On the other hand, the electromagnetic horn E forms an auxiliary radio zone 13 in order to compensate for the radio wave dead zone that exists near the radio repeater, thereby relieving the dead zone over the entire section. .

In such a configuration, switching of wireless zones during normal operation is performed in the following order: ■→■→■→■... However, in each area directly below the wireless repeater, the area is switched to an auxiliary wireless zone from each electromagnetic horn.

Here, if radio device A on one side of the repeater breaks down, zone ■ will be lost, but zone ■ can continue to be used as a relief for zone ■, and near the repeater, the zone ■ will be lost. Radio waves in zone ■ can be used. In addition, in the event of a failure of radio device B, zone ■ will be lost, but zone ■ will be used early to save this zone ■, and zone ■ from electromagnetic horn E can continue to be used near the repeater. .

FIG. 3 is a block diagram of another embodiment of the present invention, in which each wireless repeater has a horizontal omnidirectional antenna F instead of the electromagnetic horn E in FIG. This is an example in which a dead zone of radio waves near a repeater is attempted to be compensated for using a digital antenna F.

In this case, the zone switching is performed using one pair of antennas A of the repeater.
In addition to the zones of and B, a zone due to the third antenna F is added, so that ■→(a)→■→■→(b)→■
→ It is done as follows.

FIG. 4 shows an example of a pattern of radio wave zones in each repeater in the case of FIG. 3. The auxiliary zone, which is the radio wave zone 14 by antenna F, uses the third frequency pair f3° f3°.

In this case as well, the dead zone of radio waves near each repeater can be relieved by the same effect as in the embodiment of FIG. 1, so that instantaneous interruption of radio waves can be prevented even when a transmitter/receiver fails.

In the second embodiment, an omnidirectional antenna is used as the antenna F, but it is obvious that a directional antenna may be used to form the auxiliary radio wave zone.

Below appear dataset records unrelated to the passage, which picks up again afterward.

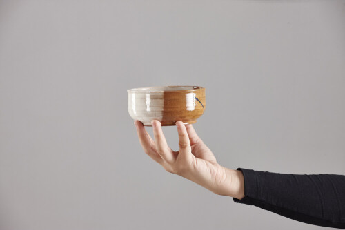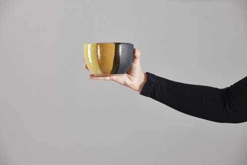 امرأة ترتدي عباءة سوداء تحمل أدوات فخارية مختلفة في أوضاع متعددة
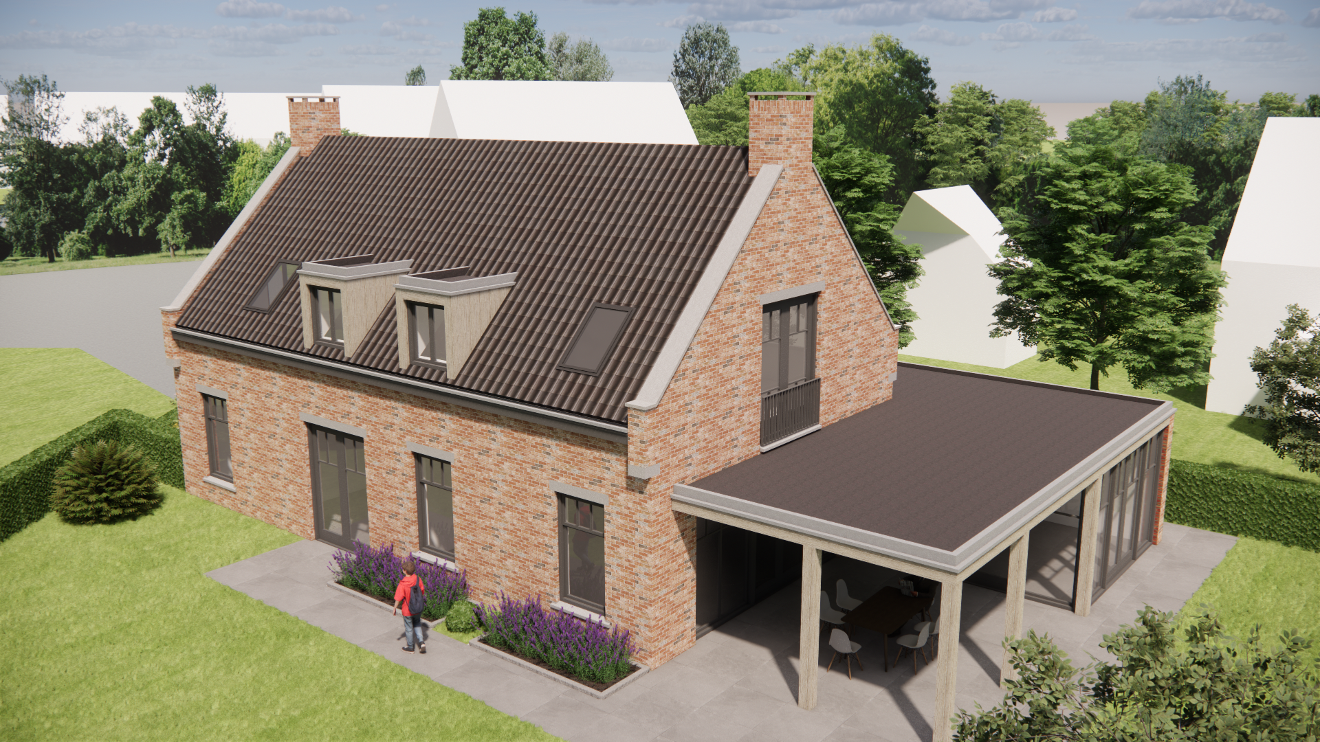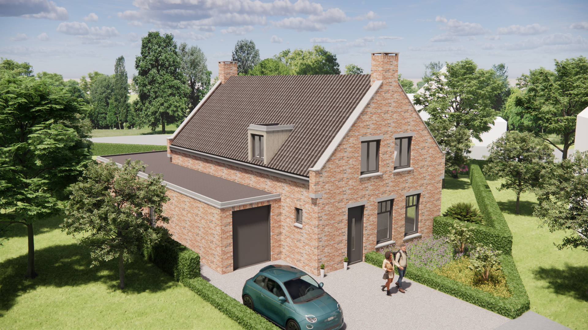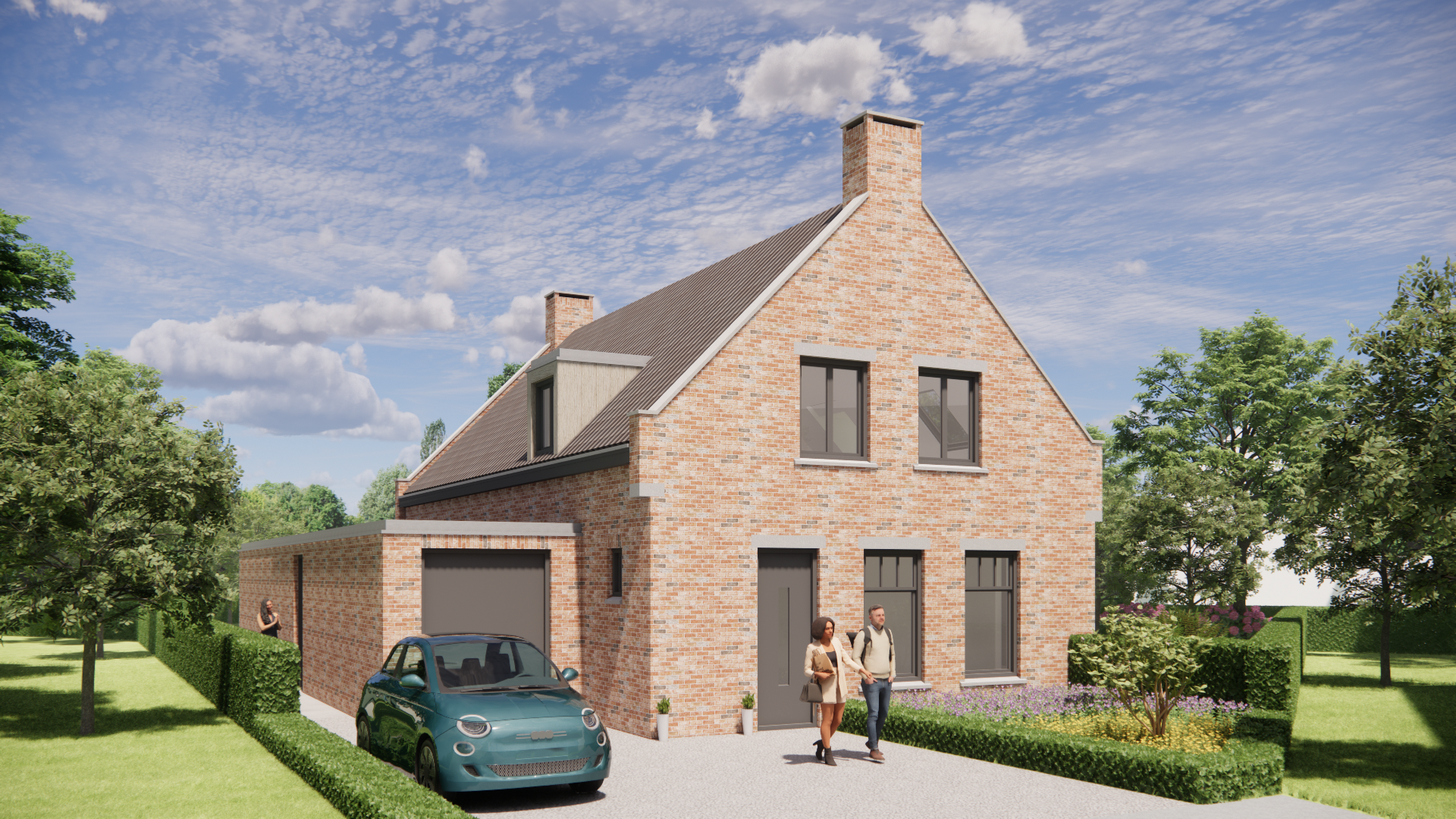 Dit nieuwbouw woonhuis ademt Kempische architectuur. Traditioneel gebouwd met metselwerk gevels en een zadeldak met gegolfde dakpannen. De verholen dakgoot en betimmerde goot geven strakke lijnen, terwijl dakkapel, schoorsteen, hoekkozijn en een Frans balkon het beeld verfijnen.
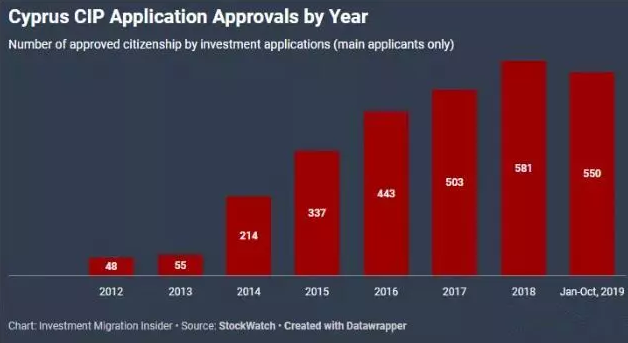 根据StockWatchCyprus发布的数据显示,今年1月至10月,有550名申请人获得了塞浦路斯投资移民身份计划申请案的批复,获批人数仅比2018年全年的申请获批数少31人。
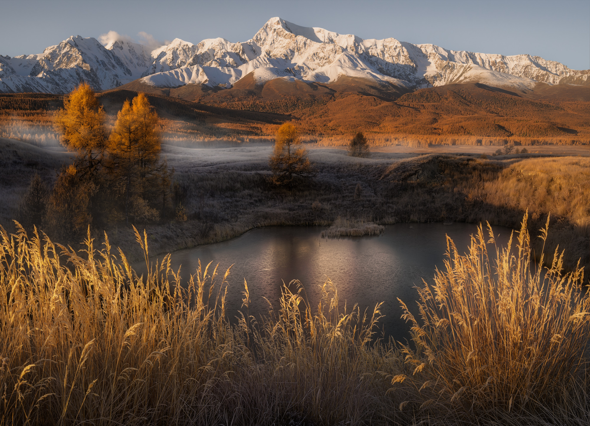 В тихом утреннем свете осень раскрывается во всей своей величественной красоте. Золотистые стебли тростника колышутся на ветру, отражаясь в спокойной глади озера, а вдали — величественные снежные вершины, словно охраняющие эту сказочную долину. Фотография передаёт гармонию природы, где каждый элемент — от травы до гор — вписан в единую картину. Это не просто пейзаж, а мгновение, застывшее в вечности.
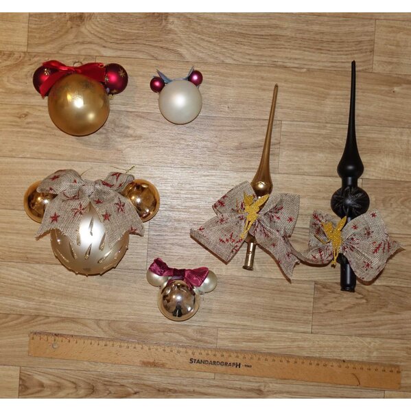 meine Selbstgemachte Deko der letzten Weihnachten. Mit Liebe gestaltete Minnie maus Baumkugel sowie 2 Spitzen mit einer Tinkerbell

Effects of the Invention As described above, according to the present invention, the dead zone of radio waves that occurs near the wireless repeater is covered, so that failure of the repeater can be avoided without using the radio frequency of the repeater to create a duplex configuration. This prevents momentary communication interruptions caused by This has the effect of making it possible.

[Brief explanation of the drawing]

FIG. 1 is a diagram showing an embodiment of the present invention, FIG. 2 is a diagram showing the wireless zone configuration of the example in FIG. 1, FIG. 3 is a diagram showing another embodiment of the present invention, and FIG. Figures 5 to 7 are diagrams showing the wireless zone configuration of the example in Figure 3, and Figures 5 to 7 are column I! FIG. 1 is a diagram for explaining a wireless system. Description of symbols of main parts A, B... Transmitter/receiver C9D... Pair of antennas E... Electromagnetic horn F... Antenna

Claims (1)

[Claims] Multiple wireless relay stations each having a pair of wireless transmitters/receivers with a pair of antennas placed back to back are installed along the train tracks, and the directivity of each antenna is set in the direction of the opposite station, so that it is fixed to the mobile station inside the train. The train radio system is configured to perform relaying with stations, and each of the relay stations has an auxiliary radio zone that covers a dead zone of radio waves near the pair of antennas corresponding to the own relay station. A distinctive train radio system.